Of course, this isn't about ads in and of themselves. It's about Reddit (and, to some degree, tech in general) having lost investor interest and Reddit being this close to bankruptcy, desperately hoping that these 3P clients will provide a stable cash infusion to keep the lights on. Ads alone aren't enough; at least not now with the financial hole they have dug for themselves.

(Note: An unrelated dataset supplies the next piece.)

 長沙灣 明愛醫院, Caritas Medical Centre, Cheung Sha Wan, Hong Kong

Ultimately, Reddit is panicking and doesn't know where to get the money they need real soon. Their historic practice of another investment round isn't going to work this time. Likewise, slowly transitioning to a paid API, giving developers time adapt like Christian proposed, isn't going to work either as, at that pace, there won't be a Reddit by the time the transition is complete.

1 comments

They didn't do it for the money - the money is to make it unrealistic for them to continue in any way, and push more end-users to the official reddit app to participate in their ad network. They knew no app was going to pay those astronomical rates unless it's some personal project that only gets charges a dollar a month or so.
> They knew no app was going to pay those astronomical rates

Perhaps, but they don't have much choice. If the apps paid a reasonable rate with respect to what is reasonable to app developers, Reddit would still go bankrupt. May as well go big and go bankrupt only if that fails then not try and be guaranteed to go bankrupt.

Thing is, Apollo is on board to pay the big price, but Christian has exclaimed he needs more time to make the necessary changes to support it. Problem is that Reddit doesn't have that much time. Bankruptcy is still inevitable on his needed timeline. The power company doesn't care that you plan to make money sometime in the future when developers have had time to get around to making changes to their software. They want their money when they want it and if you can't make good then and there, that's it.

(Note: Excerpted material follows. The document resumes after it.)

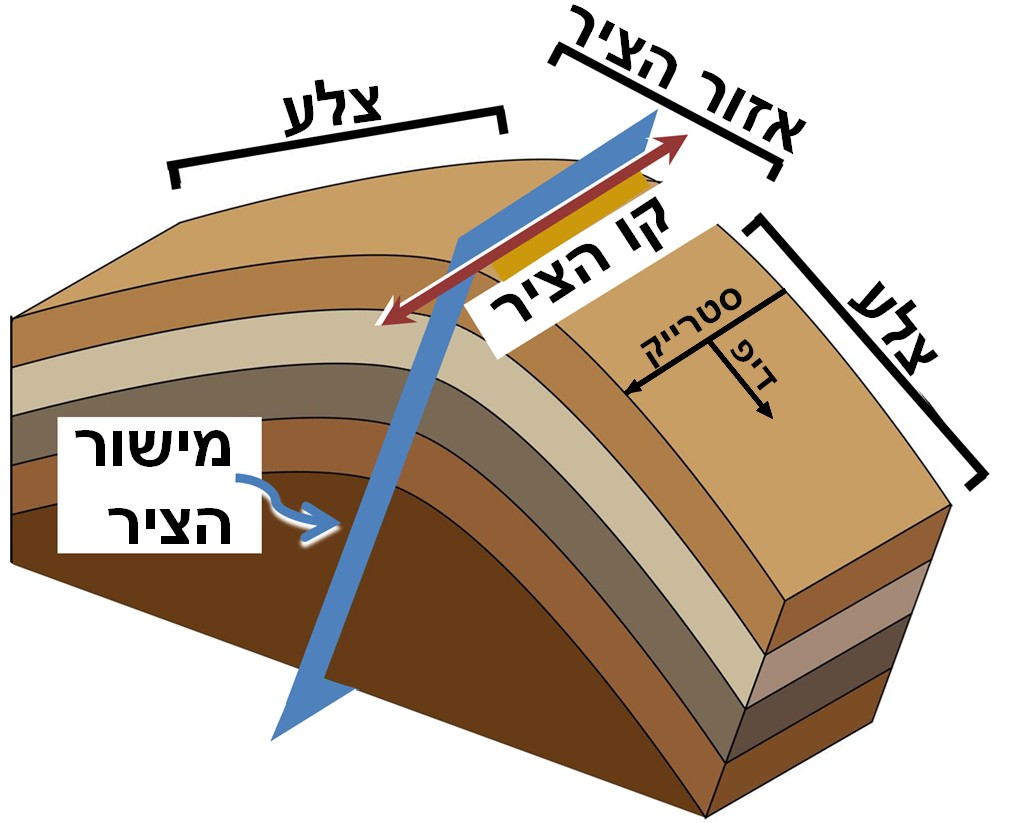 Flank and hinge of geological fold

Remember, they're panicking. Their old model of finding new investment every time the plug was about to be pulled is dead and they weren't expecting that. They need legitimate cashflow now and don't know where else to find it on short notice.

Next will be a massive layoff to follow the small layoff earlier this week to address the haemorrhaging on the expense side. The "everything will be okay in a few days" notice sent to employees today indicates that something "not okay" is coming.

>If the apps paid a reasonable rate with respect to what is reasonable to app developers, Reddit would still go bankrupt.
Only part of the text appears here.